Which is something that Lucas gradually chipped away over the course of the next five movies. Star Wars was a story about a kid from nowhere becoming a hero; The Empire Strikes Back needed a twist that made him part of a lineage. Yoda said “wars do not make one great,” but was then given a moment to show his true power during the Clone Wars, which was to flip out and slice up bad guys. Obi-Wan defined the Force as a power that surrounded all living things and bound us together, and then Midochlorians happened.

Over time — or maybe just as I grew older, perhaps — the movies seemed more and more to say one thing but then show another. It’s entirely possible that I’m unfairly projecting, but they seemed less like a Hero’s Journey and more like a stream of consciousness from an anti-union billionaire with a special effects company.

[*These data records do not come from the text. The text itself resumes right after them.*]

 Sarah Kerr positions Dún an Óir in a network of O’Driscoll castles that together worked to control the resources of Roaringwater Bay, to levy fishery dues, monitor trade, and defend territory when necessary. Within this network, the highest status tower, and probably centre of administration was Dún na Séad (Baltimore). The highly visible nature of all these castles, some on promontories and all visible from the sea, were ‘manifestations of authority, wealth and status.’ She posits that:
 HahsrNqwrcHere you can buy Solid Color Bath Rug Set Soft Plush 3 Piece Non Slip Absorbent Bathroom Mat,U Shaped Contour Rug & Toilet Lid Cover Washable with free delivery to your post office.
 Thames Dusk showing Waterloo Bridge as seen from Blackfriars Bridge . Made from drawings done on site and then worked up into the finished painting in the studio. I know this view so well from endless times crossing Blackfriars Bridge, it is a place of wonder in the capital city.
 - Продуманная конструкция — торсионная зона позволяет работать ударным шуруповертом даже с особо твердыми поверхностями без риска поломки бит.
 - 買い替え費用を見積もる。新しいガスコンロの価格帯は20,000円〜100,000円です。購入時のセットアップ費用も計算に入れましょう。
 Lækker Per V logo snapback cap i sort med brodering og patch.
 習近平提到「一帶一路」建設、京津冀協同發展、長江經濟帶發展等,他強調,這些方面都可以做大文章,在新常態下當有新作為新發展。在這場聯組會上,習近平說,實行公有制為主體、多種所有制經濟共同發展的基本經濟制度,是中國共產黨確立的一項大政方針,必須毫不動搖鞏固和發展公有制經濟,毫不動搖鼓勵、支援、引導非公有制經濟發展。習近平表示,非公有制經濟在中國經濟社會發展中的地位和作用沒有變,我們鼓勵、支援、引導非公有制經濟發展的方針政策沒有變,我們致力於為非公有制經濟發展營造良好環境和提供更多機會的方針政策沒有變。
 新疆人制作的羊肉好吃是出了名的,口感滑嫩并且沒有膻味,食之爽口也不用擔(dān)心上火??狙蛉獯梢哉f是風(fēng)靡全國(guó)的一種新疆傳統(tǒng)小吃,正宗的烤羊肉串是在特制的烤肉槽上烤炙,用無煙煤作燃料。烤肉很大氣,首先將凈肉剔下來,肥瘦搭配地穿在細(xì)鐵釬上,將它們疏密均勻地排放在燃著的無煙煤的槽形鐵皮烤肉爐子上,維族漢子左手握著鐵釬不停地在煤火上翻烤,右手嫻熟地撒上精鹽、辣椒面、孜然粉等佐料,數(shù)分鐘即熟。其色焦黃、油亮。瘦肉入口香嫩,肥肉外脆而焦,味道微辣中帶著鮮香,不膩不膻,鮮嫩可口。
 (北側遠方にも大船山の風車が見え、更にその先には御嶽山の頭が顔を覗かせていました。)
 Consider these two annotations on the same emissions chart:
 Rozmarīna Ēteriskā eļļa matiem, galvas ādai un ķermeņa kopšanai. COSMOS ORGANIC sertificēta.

Even if that is an unfair assessment on my part, I think it’s clear that they became less democratic and more elitist, more interested in queens and lords and senators than farmers and smugglers, and inexplicably making its central figure not only the most powerful person in the galaxy but the result of a virgin birth. It became less interested in the heroes of the republic or the rebellion, and instead obsessed with the redemption of its iconic villain.

That’s why I liked The Last Jedi’s callback to that first moment, when Luke was just a kid looking off to the horizon. At that point, Star Wars was still a series about self-determination, and The Last Jedi wanted desperately to bring that back to a series that had increasingly echoed the Emperor’s whispers of “your destiny.”

We already knew that there’d be no satisfying answer to Rey’s question of her parents’ identity, because abandoning a child to that life would’ve been unforgivable for any recognized character. But I hadn’t expected it to tie in so well to what this story has become: a return to fantastic, operatic, and melodramatic stories about heroes who choose adventure and choose to do the right thing simply because it’s the right thing to do.

Kylo Ren’s story becomes interesting again, because he’s presented as the opposite of Rey in every way: not just dark side vs. light side, but someone who’s always lived in the shadow of his parents and uncle and was never allowed to define his own path. Finn becomes the good guy whose first inclination is to give up, and Poe becomes the hot-shot who wants to solve everything himself instead of being part of something larger. But really, they both could’ve been worked in more effectively or even left out of the story entirely.

As part of the initial buzz in response to this movie, there were a lot of people focusing on how JJ Abrams had set up all kinds of things to be resolved later, which Rian Johnson just steamrolled away. It seems absurd since for one thing Abrams was an executive producer on this movie, and for another these are installments in one of the largest franchises in all of entertainment, not indie productions.

But more than that, it seems absurd because The Force Awakens and The Last Jedi work well as a matched set, with the shared theme of “People Who Grew Up With Star Wars share what Star Wars Means to Them.”

The Force Awakens was all about how Star Wars feels, setting up moments that feel more like sense memories than actual plot developments, to remind you of how it felt to see spaceships swooping around to an orchestral soundtrack, and underdogs coming through to save the day at the darkest moment. And if that’s the case, then The Last Jedi is a reiteration of what Star Wars means. Or at least, what it was supposed to mean. The Force than surrounds and connects every living thing, instead of the Force that was a power that Jedi had to make things float.

So ultimately I can’t say I love The Last Jedi, but I do love what it tried to do. And I love being set up for the conclusion of a story that started for me when I was six years old, and not having any idea what’s going to happen next.